Q. And Sunday night, Tom Brady against Peyton Manning, is that one you can watch especially?
Brady Quinn: I’ll be watching, it should be exciting. I watched this past Monday night, looking at him, going, hey, we’ve got that play, or I know what he’s thinking or I can kind of feel for him in certain instances when things break down. It’s fun to watch an NFL game and compare it a lot to your offense or your type of situation.
Q. Do you remember the last time you threw an interception?
Brady Quinn: No, those are things you don’t really try to think about.
Q. Michigan State, I think the zone blitz to the lineman ??
Brady Quinn: I think I remember that one.
Q. It’s been 169 passes since you’ve thrown an interception, since you could not remember how long ago it was is there a tendency to start to be a little bit more bold and try to squeeze some things in there that maybe when you’re not quite as conscious of throwing an interception?
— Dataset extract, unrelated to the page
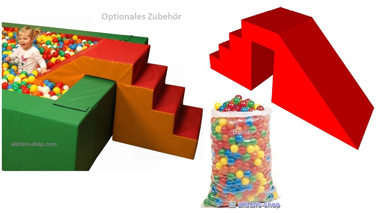 Das Schaumstoff-Ballbad „Rechteck Maxi“, vierteilig, gehört zu den beliebten Großbauklötzen für Kindergärten, auch kleineren Spielräumen jeglicher Art und Spielräumen in Einkaufsmärkten. Diese stabilen Schaumstoff-Bauelemente haben einen strapazierfähigen Kunstlederbezug, standardmäßig in den Farben grün und rot. Vier „robuste“ Bausteine mit einer Kantenlänge von 2.250 x 2.250 x 500 mm sorgen für einen Spielspaß pur. Das Rechteck-Ballbad Viereck Maxi ist ideal für Orte mit nicht so viel Platz. Eine zusätzliche, verstellbare Treppenpenrutsche – ist gegen Aufpreis bei uns zu erwerben.

Brady Quinn: Sometimes. Although every week, you know, we have a list of things that we feel is our type priority as an offense to do and if we do this, we have a great chance of winning and every week, you’ll see zero turnovers, that’s a big emphasis we try to hold in practice and in our meetings that that’s the biggest X factor is when you allow a team to commit turnovers whether they are inferior or not, they are going to have a better chance of winning that game or they are going to lease out a chance or a possibility of giving them some hope or momentum. The biggest thing is if you can eliminate turnovers, for the most part, that’s usually going to be the deciding margin whether or not you win.